Fetch the complete documentation index at: https://docs.mistle.dev/llms.txt

Use this file to discover all available pages before exploring further.

Overview

Self-hosted Mistle deployments are configured with a TOML file plus optional environment overrides. Use config/config.sample.toml as the complete reference for the resource-oriented TOML shape. Set MISTLE_CONFIG_PATH to the TOML file path used by each service. Current resource-oriented MISTLE_* environment variables can override TOML values after the file is loaded.

Deployment Shape

A simple deployment can point the control plane and data plane at the same Postgres, PgBouncer, Valkey, and object storage instances. Larger deployments can split those resources by plane. The config file keeps these shared resources separate from individual service settings:
SectionPurpose
services.*Service hosts, ports, public URLs, internal URLs, and service-owned settings
postgres.*Plane-specific Postgres URLs
kv.*Plane-specific Valkey configuration
object_store.*Shared object stores
workflow.*OpenWorkflow namespaces
email.smtpSMTP delivery settings
internal_authService-to-service authentication
sandbox.*Sandbox provider, storage, publish, and token settings
telemetry.*OpenTelemetry export settings

Services

Service sections define where each service listens and how other services reach it.
SectionRequired settings
services.dashboardpublic_url, control_plane_api_origin
services.control_plane_apihost, port, public_url, internal_url
services.data_plane_apihost, port, internal_url
services.data_plane_gatewayhost, port, internal_url, sandbox WebSocket URLs
services.control_plane_workerworkflow_concurrency
services.data_plane_workerworkflow_concurrency
Use public URLs for browser-facing and provider-facing traffic. Use internal URLs for service-to-service traffic inside the deployment network.

Postgres

Postgres is configured separately for the control plane and data plane.
FieldUsed for
direct_urlMigrations and other direct database ownership tasks
pooled_urlRuntime application traffic through PgBouncer
Simple deployments can set both planes to the same database.
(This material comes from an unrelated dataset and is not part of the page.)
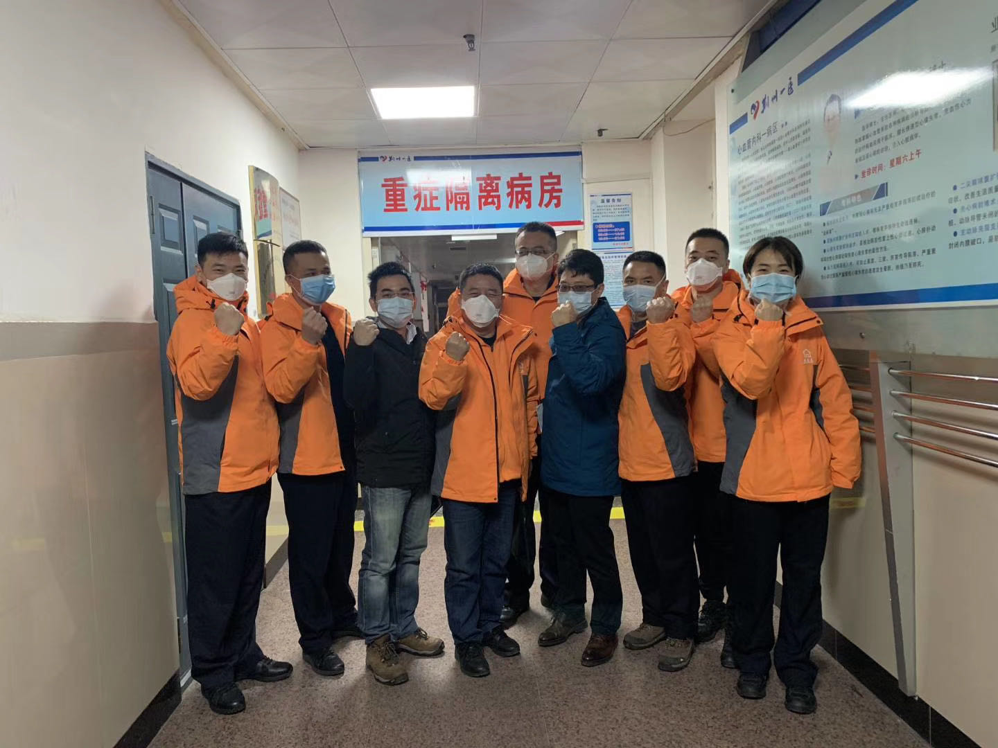 醫(yī)生團(tuán)隊(duì)共有7個人,我也將他們送到重癥隔離病區(qū)門口。我不能進(jìn)去,就和大家一起合了個影,這是我這一輩子都不能忘記的一次合影,我們每個人豎拳的手勢都那么有力,每個人的眼神都那么堅(jiān)定!連最瘦弱的女醫(yī)生單雪也看起來充滿力量。

Split deployments can use separate databases for postgres.control_plane and postgres.data_plane.

KV

kv.data_plane describes the data-plane Valkey dependency used by the gateway runtime-state layer. kv.control_plane is available for future control-plane Valkey use, but no service requires it today. Only valkey is supported today: 
[kv.data_plane]
backend = "valkey"
url = "redis://valkey:6379"
key_prefix = "mistle:runtime-state"

Object Stores

object_store.assets stores application assets. object_store.sandbox_storage is used when Archil sandbox storage should mount an S3-compatible bucket: 
[sandbox.storage.archil]
mount_object_store = "sandbox_storage"

Authentication

Control-plane user authentication is configured under services.control_plane_api.auth. enabled_methods controls which login methods are available. otp is required by the current runtime. Add google only when Google OAuth is configured: 
[services.control_plane_api.auth]
enabled_methods = ["otp", "google"]
Service-to-service auth is configured under internal_auth. The method field is currently optional and kept for future expansion; the runtime uses shared-token auth while using internal_auth.shared_token.token.

Workflows

Workflow config is split by plane: 
[workflow.control_plane]
namespace_id = "production"

[workflow.data_plane]
namespace_id = "production"
Workers consume the namespace and their service-specific concurrency. Managed deployments should run database and workflow migrations as deployment steps instead of relying on long-lived worker startup.

Sandbox

Use sandbox.provider = "docker" for local or simple single-node deployments. Use sandbox.provider = "e2b" for cloud sandboxes. Sandbox storage is configured independently:
BackendRequired section
docker_volumesandbox.storage.docker_volume
archilsandbox.storage.archil
Archil-backed storage can mount object_store.sandbox_storage by setting: 
[sandbox.storage.archil]
mount_object_store = "sandbox_storage"

Environment Overrides

TOML should be the primary authored config. Environment variables are override inputs for deployment systems and secret managers.
  • set MISTLE_CONFIG_PATH to the config file path
  • use the resource-oriented MISTLE_POSTGRES_*, MISTLE_KV_*, MISTLE_SERVICES_*, and related MISTLE_* environment namespaces
  • internal-only and test-only overrides, such as MISTLE_INTERNAL_AUTH_* and MISTLE_TEST_SANDBOXD_TEST_FAULTS_ENABLED, are also supported when needed.
Environment overrides win when both TOML and env provide the same runtime setting.

Full TOML Key Reference

This table covers the operator-facing TOML keys accepted by @mistle/config.
KeyRequiredNotes
global.envYesdevelopment or production.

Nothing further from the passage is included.